Pleiss Morris Receives National Recognition

Ann Pleiss Morris, assistant professor of English at Ripon College, has been selected as a National Endowment for the Humanities (NEH) Summer Scholar from a national applicant pool to attend one of 30 seminars and institutes supported by the NEH. The Endowment is a federal agency that, each summer, supports these enrichment opportunities at colleges, universities, and cultural institutions, so that faculty can work in collaboration and study with experts in humanities disciplines.

Pleiss Morris will participate in a seminar entitled “Tudor Books and Readers: 1485-1603.” The 5-week program will be held at the Plantin-Moretus Museum, in Antwerp, Belgium; at Senate House Library, University of London; and at the Bodleian Library, University of Oxford, and will be co-directed by Drs.
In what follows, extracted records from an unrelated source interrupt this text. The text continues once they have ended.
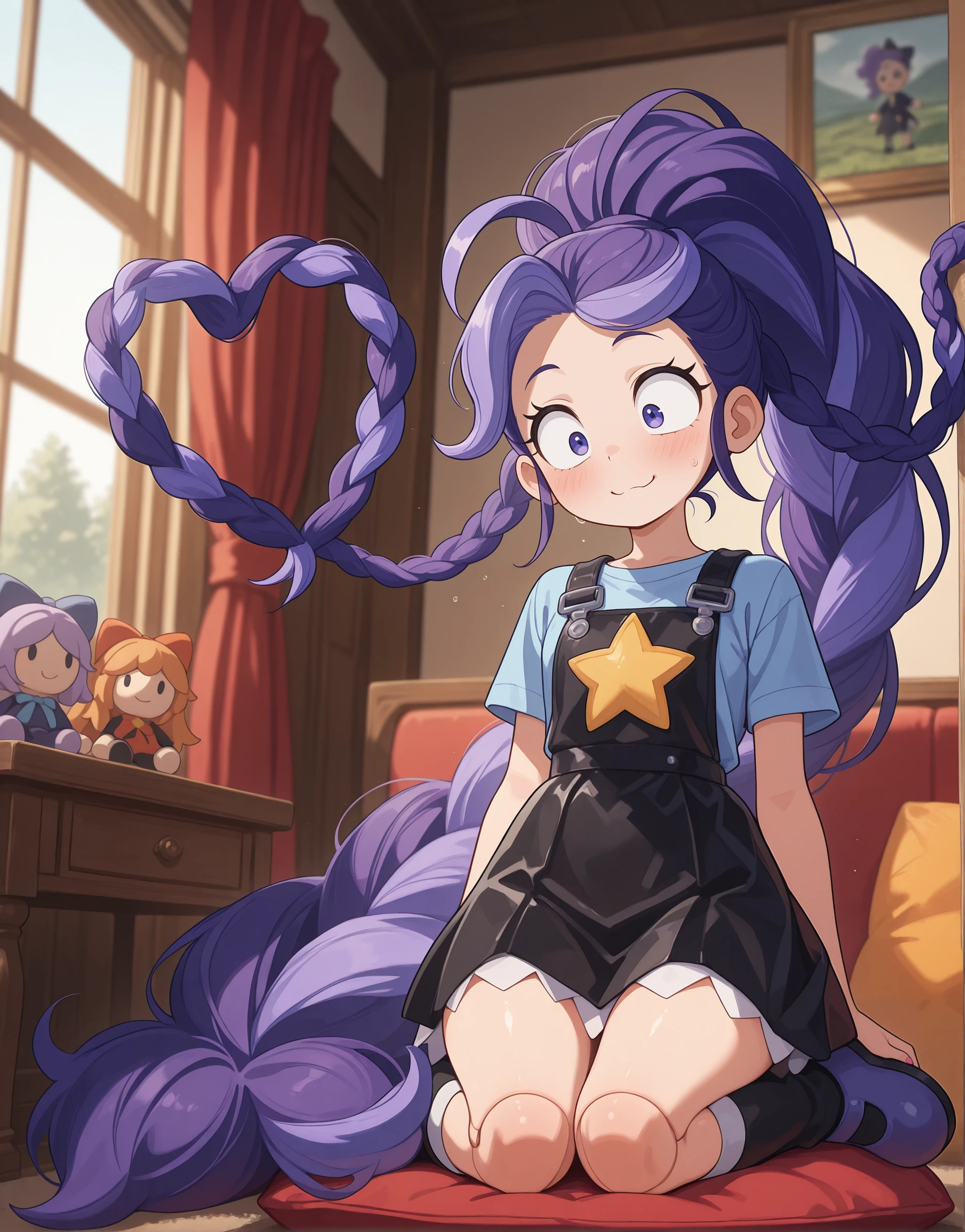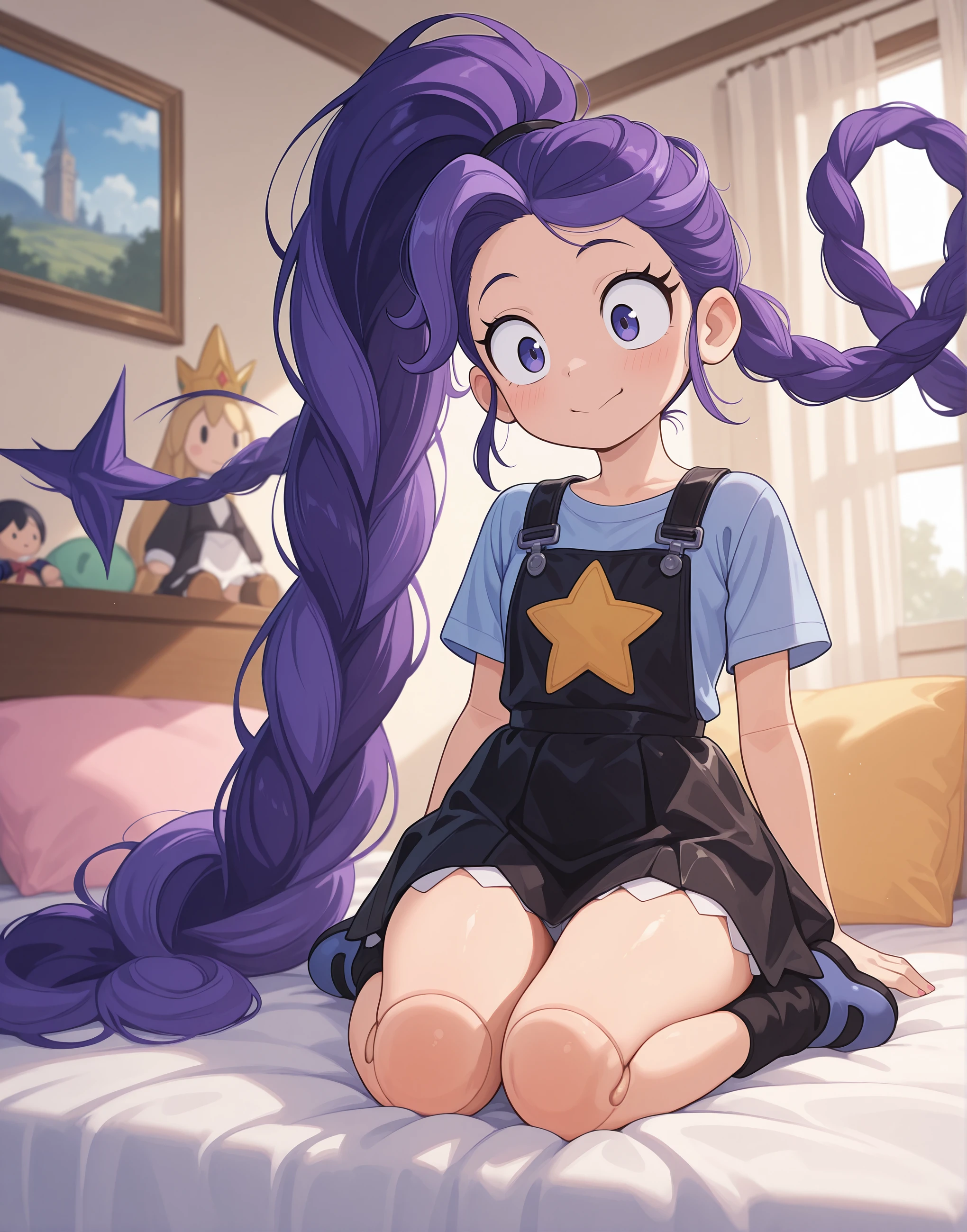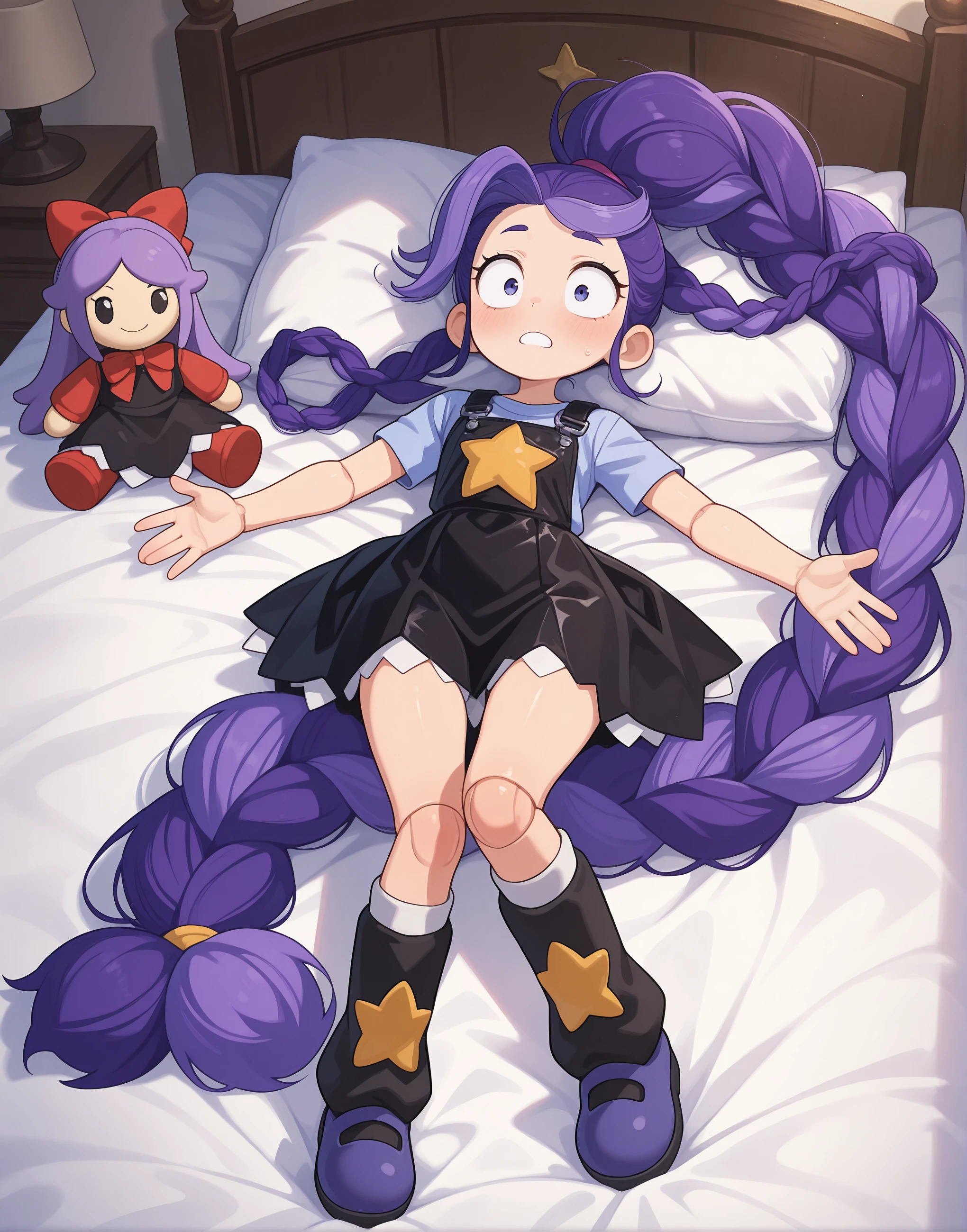 Lily_Lovebraids, 1girl, solo, purple shirt, short sleeves, black overall dress, pinafore dress, star print, star (symbol), black boots, knee bootsWorks phenomenally well with Anime/Illustrative SDXL checkpoints like Illustrious or NoobAI.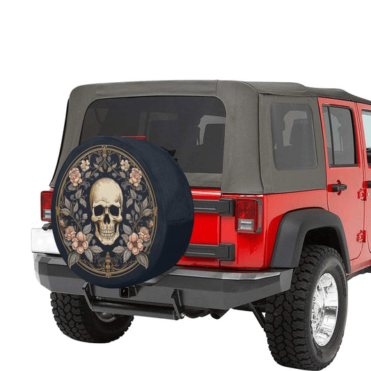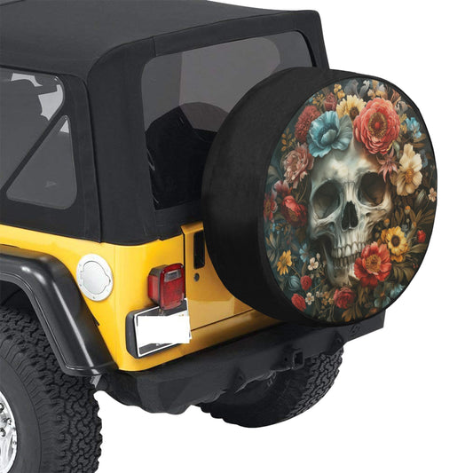 Floral Skull Spare Tire Cover, Retro Flowers Skeleton Backup Camera Hole Rear Wheel Unique Design Trailer Camper RV Back Men Women Protector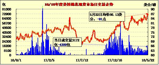 5月22日紐約期棉高位回落,結(jié)束五連陽,主力合約收于87.35美分/磅,跌107點(diǎn)。美國七地現(xiàn)貨市場交易與價格雙雙下滑,標(biāo)準(zhǔn)級成交均價86.13美分/磅,較前一交易日下跌91點(diǎn),比期棉主力合約低439點(diǎn)。其中主產(chǎn)棉區(qū)東得克薩斯洲78.25美分/磅,跌50點(diǎn),比期棉主力合約價低910點(diǎn)。截止5月22日,美七市場總成交197.22萬包,同比增加26.4%。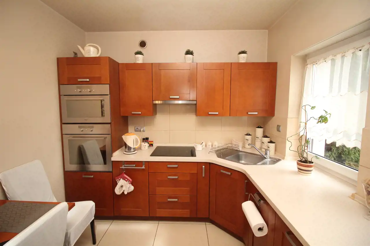 Cena zawiera zabudowę stałą tj. meble kuchenne na wymiar wraz ze sprzętem AGD oraz zabudowę garderobianą w wiatrołapie. W przedpokoju na poddaszu zamontowano właz z dostępem do pomieszczenia strychowego pełniącego funkcję przechowywania.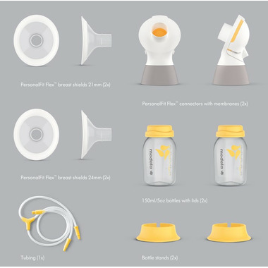 The PersonalFit Flex breast pump kit has everything you need to go with your Medela Freestyle, Swing Maxi, or Duo electric breast pump. This convenient kit features Medelas classic pumping accessories, including breast shields, connectors, and bottles with stands and lids, plus extra tubing.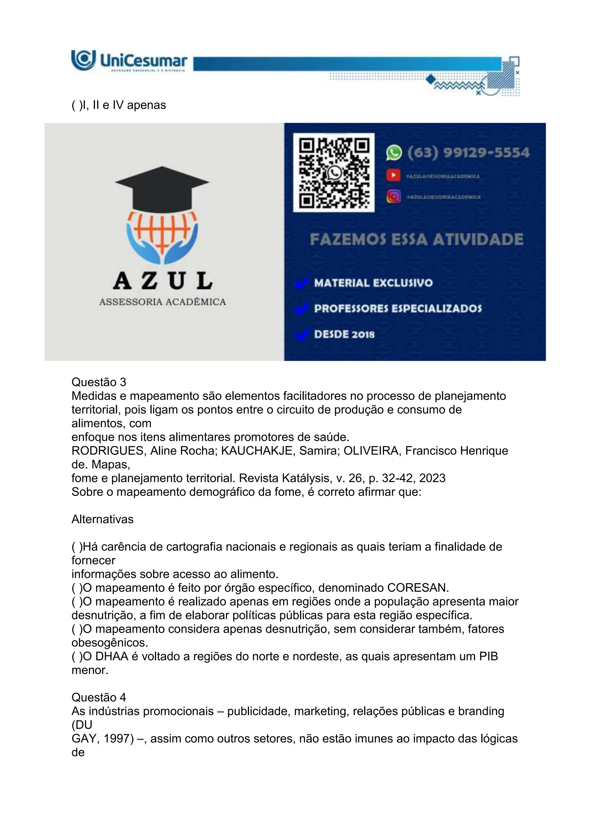 Assessoria Acadêmica FF - (44) 999859135 - Olá, estudante! Vamos realizar a nossaatividade de estudo.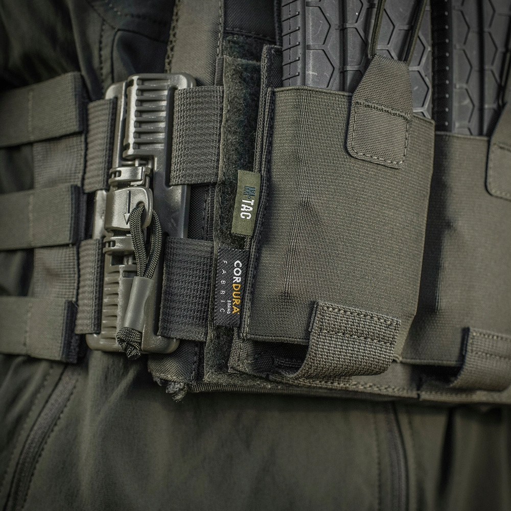 В нижней части тактического жилета имеется быстросъемный модуль с 3 магазинами, который надежно удерживает магазины. Чтобы избежать случайного снятия с основы-липучки, она крепится к ремням-держателям пластины с помощью карабинов Woojin.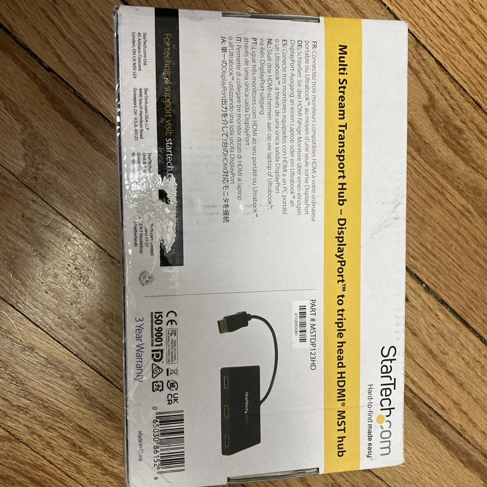 Brand: StarTech Model: MSTMDP123HD Connector(s) B: HDMI Standard Female Custom Bundle: No UPC: Does not apply Connection Split/Duplication: 1 : 3 Connector A: Mini DisplayPort gtin13: Does not apply MPN: MSTMDP123HD Country/Region of Manufacture: Unknown Color: Black

John N. King, of The Ohio State University, and Mark Rankin, of James Madison University.

The 16 teachers selected to participate in the program each receive a stipend of $3,900 to cover their travel, study, and living expenses.

Topics for the 30 seminars and institutes offered for college and university teachers this summer include Algeria, Morocco, Tunisia: literature, the arts, and cinema since independence; American Maritime People; America’s East Central Europeans: migration and memory; arts, architecture, and devotional interaction in England, 1200–1600; black aesthetics and African diasporic culture; bridging national borders in North America; Dante’s Divine Comedy: poetry, philosophy, and the city of Florence; Daoist literature and history; George Herbert and Emily Dickinson; Jewish Buenos Aires; the Late Ottoman and Russian Empires: citizenship, belonging and difference; mapping nature across the Americas; the meanings of property; medieval political philosophy: Islamic, Jewish, and Christian; Mississippi in the national civil rights narrative; the Mongols, Eurasia, and global history; mortality: facing death in ancient Greece; performing Dickens: Oliver Twist and Great Expectations on page, stage, and screen; pictorial histories and myths: “graphic novels” of the Mixtecs and Aztecs; problems in the study of religion; reconsidering Flannery O’Connor; reform and renewal in medieval Rome; representations of the “other”: Jews in medieval England; Socrates; Tudor books and readers: 1485–1603; the federal government and the American West; the visual culture of the American Civil War; westward expansion and the Constitution in the early American republic; World War I and the arts; World War I in the Middle East.

The approximately 437 NEH Summer Scholars who participate in these programs of study will teach over 113,925 American students the following year.